As questions about the continued use of potentially unreliable and unregulated live facial recognition (LFR) technology continue. Masks used to protect against the spread of coronavirus may be presenting a further challenge to the technology.
Questions From London Assembly Members
A recently published letter by London Assembly members Caroline Pidgeon MBE AM and Sian Berry AM to Metropolitan Police commissioner Cressida Dick have asked whether the LFR technology could be withdrawn during the COVID-19 pandemic on the grounds that it has been shown to be generally inaccurate, and it still raises questions about civil liberties.
Furthermore, concerns are now being raised about the already questionable accuracy of LFR. The worry, that this could be challenged further by people wearing face masks to curb the spread of COVID-19.

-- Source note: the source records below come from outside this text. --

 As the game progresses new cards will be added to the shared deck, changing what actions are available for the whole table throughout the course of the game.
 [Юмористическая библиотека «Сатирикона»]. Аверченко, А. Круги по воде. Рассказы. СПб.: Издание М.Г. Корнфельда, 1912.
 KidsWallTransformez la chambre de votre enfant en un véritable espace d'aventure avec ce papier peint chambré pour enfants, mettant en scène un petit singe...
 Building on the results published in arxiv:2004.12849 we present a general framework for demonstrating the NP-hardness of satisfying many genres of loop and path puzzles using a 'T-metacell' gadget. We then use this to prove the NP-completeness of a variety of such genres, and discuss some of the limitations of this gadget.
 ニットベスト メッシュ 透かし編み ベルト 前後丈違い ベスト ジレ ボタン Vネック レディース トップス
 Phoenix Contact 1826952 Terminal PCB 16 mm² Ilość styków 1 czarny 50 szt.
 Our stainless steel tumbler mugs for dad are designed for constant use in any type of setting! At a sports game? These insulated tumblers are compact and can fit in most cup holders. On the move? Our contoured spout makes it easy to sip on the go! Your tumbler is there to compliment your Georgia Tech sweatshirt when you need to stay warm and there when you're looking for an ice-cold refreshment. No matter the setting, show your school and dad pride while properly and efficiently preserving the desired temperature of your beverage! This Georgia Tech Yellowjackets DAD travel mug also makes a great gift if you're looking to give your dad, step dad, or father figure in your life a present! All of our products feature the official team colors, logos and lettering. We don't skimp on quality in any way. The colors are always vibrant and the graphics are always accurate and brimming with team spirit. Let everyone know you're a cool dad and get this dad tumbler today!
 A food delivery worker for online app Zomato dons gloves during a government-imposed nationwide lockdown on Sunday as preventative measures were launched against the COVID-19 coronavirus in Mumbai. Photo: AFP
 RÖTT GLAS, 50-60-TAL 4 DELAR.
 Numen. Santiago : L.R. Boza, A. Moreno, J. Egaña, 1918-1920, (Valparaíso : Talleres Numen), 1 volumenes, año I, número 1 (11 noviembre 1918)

Civil Liberties of Londoners
The two London Assembly members argue in the letter that a lack of laws, national guidelines, regulations and debate about LFR’s use could mean that stopping Londoners or visitors to London “incorrectly, without democratic public consent and without clear justification erodes our civil liberties”. The pair also said that this could continue to erode trust in the police, which has been declining anyway in recent years.
The letter highlights concerns about the general inaccuracy of LFR. This is illustrated by the example of the first two deployments of LFR this year. During these deployments more than 13,000 faces were scanned but only six individuals were stopped. Five of those six were misidentified. Additionally, of the eight people who created a ‘system alert’, seven were also incorrectly identified.
Other concerns by the pair outlined in the letter include worries about the possibility of mission creep and the lack of transparency about which watchlists are being used. They are also concerned that LFR will be used operationally at protests, demonstrations, or public events in future e.g. Notting Hill Carnival, and fears that the technology will continue to be used without clarity, accountability or full democratic consent.
Masks Are A Further Challenge
Many commentators from both sides of the facial recognition debate have raised concerns about how the wearing of face masks could affect the accuracy of facial recognition technology.
China and Russia
Chinese electronics manufacturer Hanwang has produced facial recognition technology. It has been reported that is 95% accurate in identifying the faces of people who are wearing masks.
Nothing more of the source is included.